Cavalarianos marcam as areias do litoral com o sangue do cavalo

Mais uma vez nos cabe denunciar os abusos da exploração animal em relação aos cavalos deste Rio Grande do Sul. Neste momento, centenas de animais estão sendo obrigados a trajeto cansativo, sob forte calor, submetidos a cavaleiros despreparados, em uma marcha insana e despropositada, a chamada cavalgada do mar.

Tais cavaleiros não sabem ou fingem ignorar a fragilidade dos cavalos?

Não bastam os carroceiros que exploram, sugam e matam seus animais… também os “tradicionalistas” de forma insensível e exibicionista não se importam de expor seus “amigos” a um estresse desnecessário e fatal (fontes “extraoficiais” informam que não dois, mas seis cavalos já morreram… e, pela declaração do veterinário que acompanha a cavalgada, ontem havia mais dez animais em tratamento… )
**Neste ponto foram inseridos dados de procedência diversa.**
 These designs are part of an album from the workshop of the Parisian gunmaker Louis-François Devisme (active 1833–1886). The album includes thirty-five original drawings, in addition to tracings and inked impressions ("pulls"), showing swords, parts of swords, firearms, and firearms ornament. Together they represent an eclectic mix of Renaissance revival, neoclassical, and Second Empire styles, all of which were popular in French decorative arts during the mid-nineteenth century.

O dito companheiro do gaúcho, um dos símbolos do pago, está sendo vilipendiado não apenas por carroceiros pobres, movidos pela necessidade de sustento (mas não menos exploradores) agora também por tradicionalistas de fim de semana que exploram até a morte seus animais.
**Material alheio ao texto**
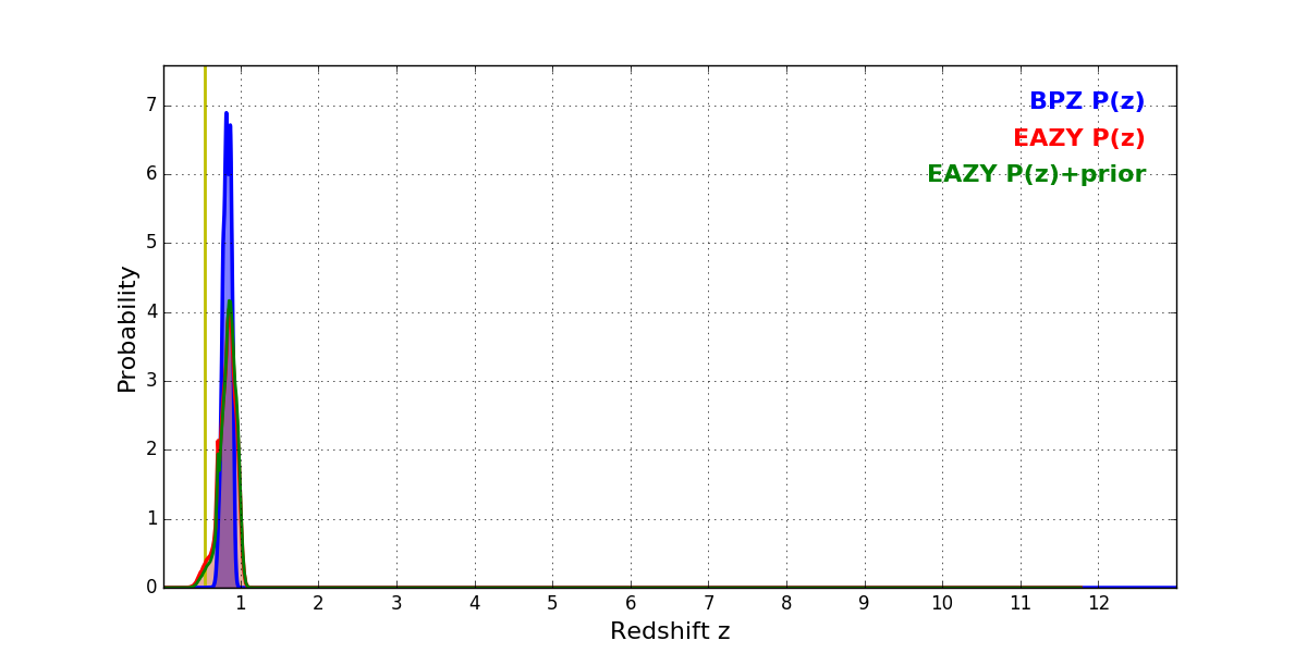 In P(z) plots: Yellow lines mark the cluster redshift z = 0.546,

A única finalidade parece ser ocupar espaços na mídia e servir de palco para promoções pessoais e de candidatos a cargos eleitorais.

As leis de proteção aos animais não devem ser utilizadas apenas para os carroceiros. É preciso que essa cavalgada tenha fim imediatamente, poupando os cavalos de mais sofrimento e morte. É preciso que denunciemos ao país tamanha crueldade e também que se diga ao Brasil que nem todo o rio-grandense comunga destas ideias tradicionalistas estapafúrdias. Ser gaúcho é tão somente ter nascido dentro das fronteiras deste estado, e isso não faz de ninguém melhor ou pior do que qualquer outro ser humano.
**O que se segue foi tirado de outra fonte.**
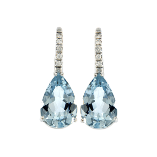 Orecchini in oro bianco 18 kt con zaffiro blu ovale 5x4mm e 0.24 kt di diamanti GVS1

Esses fatos lamentáveis demonstram a superficialidade do discurso ufanista de gaúcho, pampa, cavalo, pilcha, negrinho do pastoreio, chimarrão, churrasco, prenda e peão. Discurso vazio, ufanismo barato, bairrismo apequenado, desrespeito e falta de ética. Não assistiremos calados à morte e sofrimento dos animais. Enquanto o coordenador da cavalgada exibe-se na mídia dizendo que “vai marcar a beira da praia com a pata do cavalo”, nós não deixaremos que siga marcando o chão deste Estado com o sangue dos cavalos.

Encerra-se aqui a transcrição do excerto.